**What this task involves**
Within the records that follow, restate exactly the lines from the line with "Szybkie łączenie rurki" down to the line with "An exorcist and", including both. Omit the pictures.

**Material for this exercise**

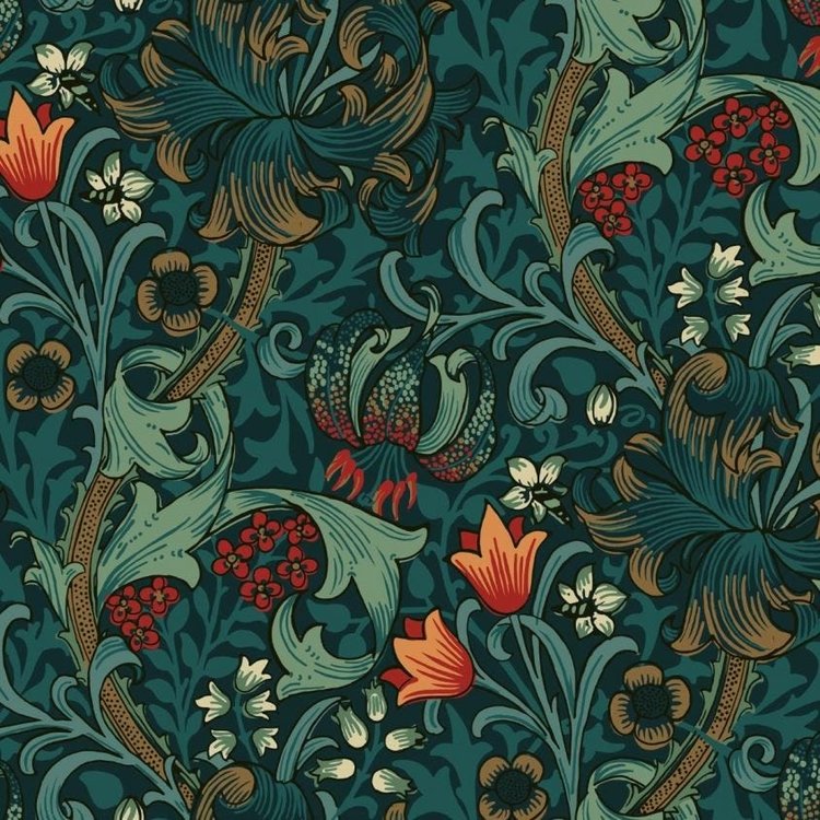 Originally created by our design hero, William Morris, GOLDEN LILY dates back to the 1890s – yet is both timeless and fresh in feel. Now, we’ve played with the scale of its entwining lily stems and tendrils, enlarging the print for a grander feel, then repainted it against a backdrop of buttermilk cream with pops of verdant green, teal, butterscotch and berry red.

--

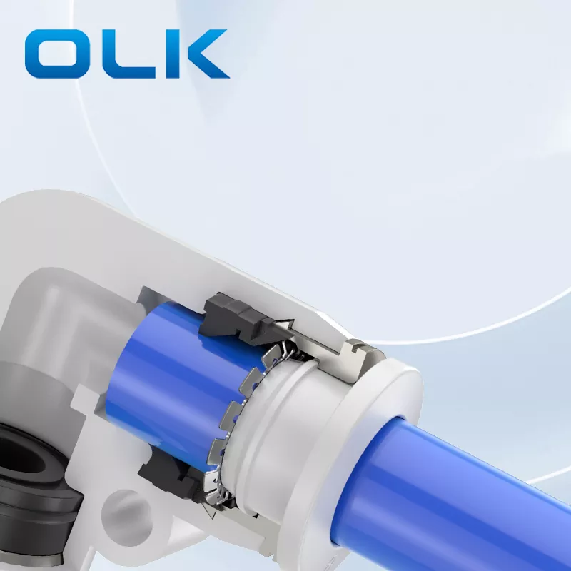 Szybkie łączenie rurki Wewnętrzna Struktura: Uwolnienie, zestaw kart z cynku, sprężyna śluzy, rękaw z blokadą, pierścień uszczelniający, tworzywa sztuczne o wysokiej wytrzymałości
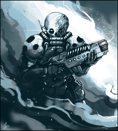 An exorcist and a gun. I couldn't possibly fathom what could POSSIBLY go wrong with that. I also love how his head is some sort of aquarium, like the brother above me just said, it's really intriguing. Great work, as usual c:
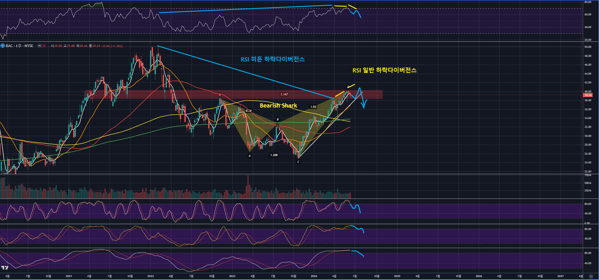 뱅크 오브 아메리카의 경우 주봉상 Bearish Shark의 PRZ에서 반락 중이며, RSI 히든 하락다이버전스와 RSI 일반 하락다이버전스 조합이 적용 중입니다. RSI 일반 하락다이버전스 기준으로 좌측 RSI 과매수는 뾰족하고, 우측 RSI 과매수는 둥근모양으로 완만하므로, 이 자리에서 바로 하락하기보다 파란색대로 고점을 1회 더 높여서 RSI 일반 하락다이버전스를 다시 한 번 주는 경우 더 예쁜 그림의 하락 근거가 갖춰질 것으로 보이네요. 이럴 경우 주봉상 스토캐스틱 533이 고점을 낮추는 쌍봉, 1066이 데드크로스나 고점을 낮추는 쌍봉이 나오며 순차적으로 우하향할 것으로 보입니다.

**Answer box**
 Szybkie łączenie rurki Wewnętrzna Struktura: Uwolnienie, zestaw kart z cynku, sprężyna śluzy, rękaw z blokadą, pierścień uszczelniający, tworzywa sztuczne o wysokiej wytrzymałości
 An exorcist and a gun. I couldn't possibly fathom what could POSSIBLY go wrong with that. I also love how his head is some sort of aquarium, like the brother above me just said, it's really intriguing. Great work, as usual c:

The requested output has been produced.